NSW Trustee & Guardian charges $330 (including GST) to prepare a Will. When you make your Will with NSW Trustee & Guardian you can choose your own executor, or choose us for independent and impartial services. Discounts apply if you have both your Will and Power of Attorney planning ahead documents prepared by NSW Trustee & Guardian.


12. If I own assets overseas, do I need to make a separate Will or can all of my assets be dealt with in one Will?

If you own assets of financial value overseas (including real estate, shares or bank accounts) we recommend you make a separate Will dealing with those overseas assets, rather than having one Will expressed to deal with all assets.

NSW Trustee and Guardian is able to provide advice regarding your Will so far as it deals with your assets in Australia. However we are not able to give advice as to whether your Will is effective to dispose of your overseas assets. The inheritance laws in other countries may be significantly different to those in Australia.

For example, some countries have laws that result in certain family members being automatically entitled to a specified share in your estate regardless of the terms of your Will.

There may be laws regarding who may contest your Will and taxation laws that may impact your estate and your beneficiaries. There may even be different requirements for the execution of a valid Will.

For these reasons it is recommended that you make a Will dealing with your Australian assets and that you retain a person who is qualified in the laws of the country where your other assets are held to prepare a Will dealing with those assets.

This approach ensures that you obtain professional legal advice in each country, giving proper consideration to such issues as the appointment of executors, the local procedures for estate administration, taxation implications such as inheritance tax and other inheritance laws.

Having separate Wills dealing with assets in the different countries will minimise the chance of administrative difficulties occurring after your death, which can occur when the original Will is held in one country while there are other assets in another country that need to be distributed. If there is a separate Will for each country, this means that authority to administer the estate (in Australia called probate) can more easily be obtained and with less delay.

In 2015 Australia became a signatory to an International Convention in relation to International Wills.
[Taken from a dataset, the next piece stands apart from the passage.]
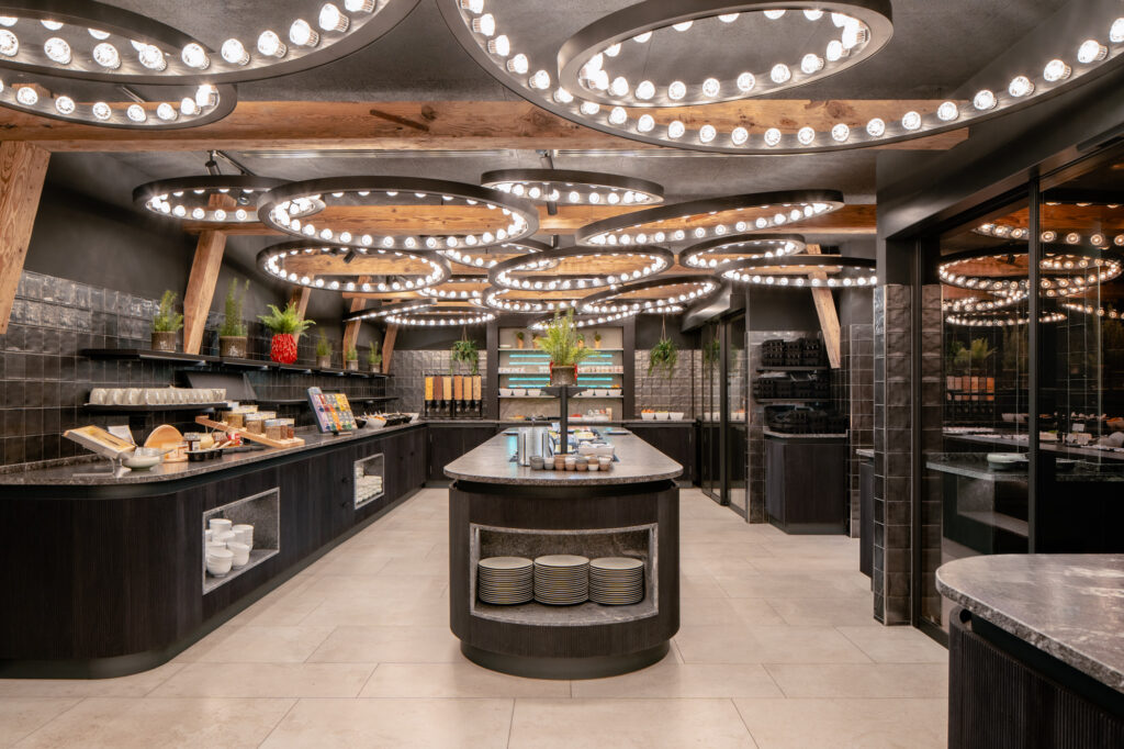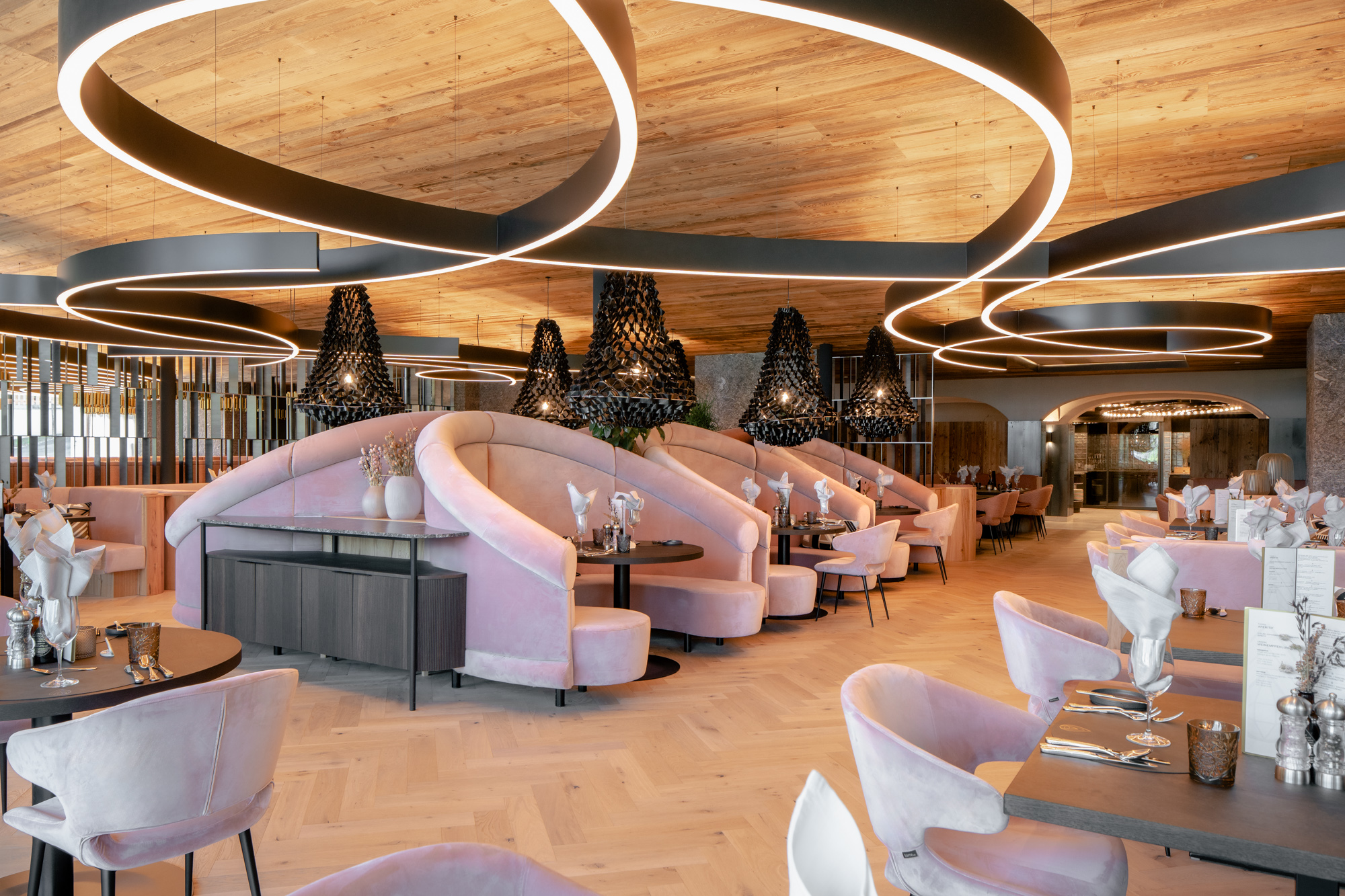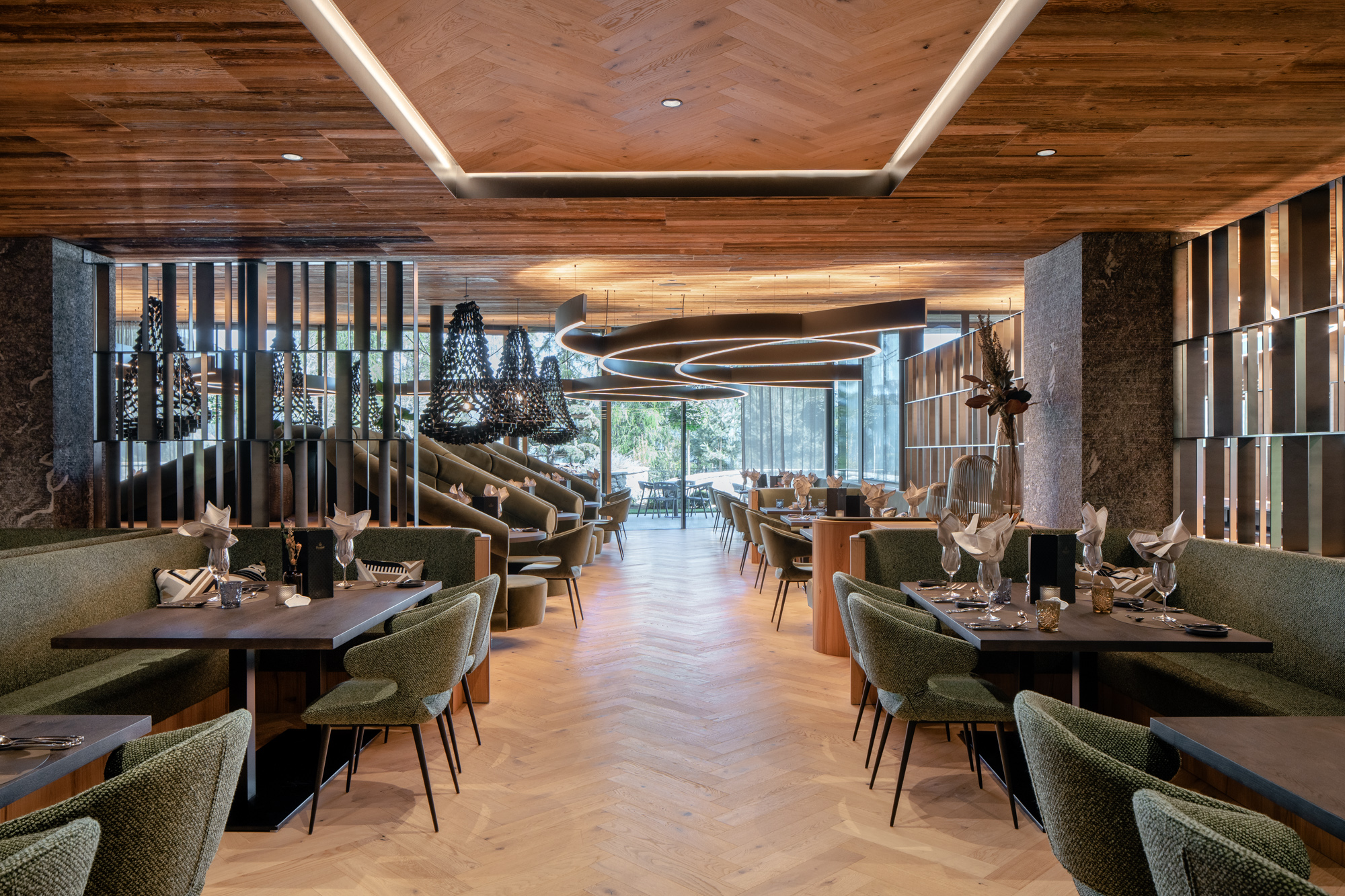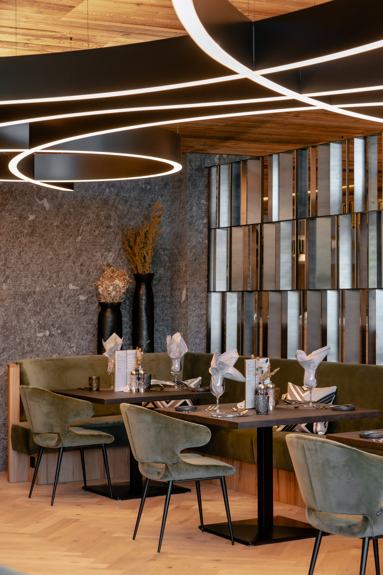 Farblich unterschiedlich gestaltete Sitzbereiche mit geschwungenen Bänken, gemütlichen Nischen, einzigartigen Leuchten und Raumteilern aus Stahl schaffen im Restaurant ein harmonisches Miteinander von Design und Wohlgefühl.

Not all countries are signed up to the Convention, but for those countries that have signed up, there is a standard form of Will that will be accepted as a validly executed Will. However, the law in each country still applies in respect of the administration of the estate and so issues may still apply.

We recommend that if you have assets of financial value overseas that will need to be formally administered after your death, you have separate Wills dealing with your assets in each country.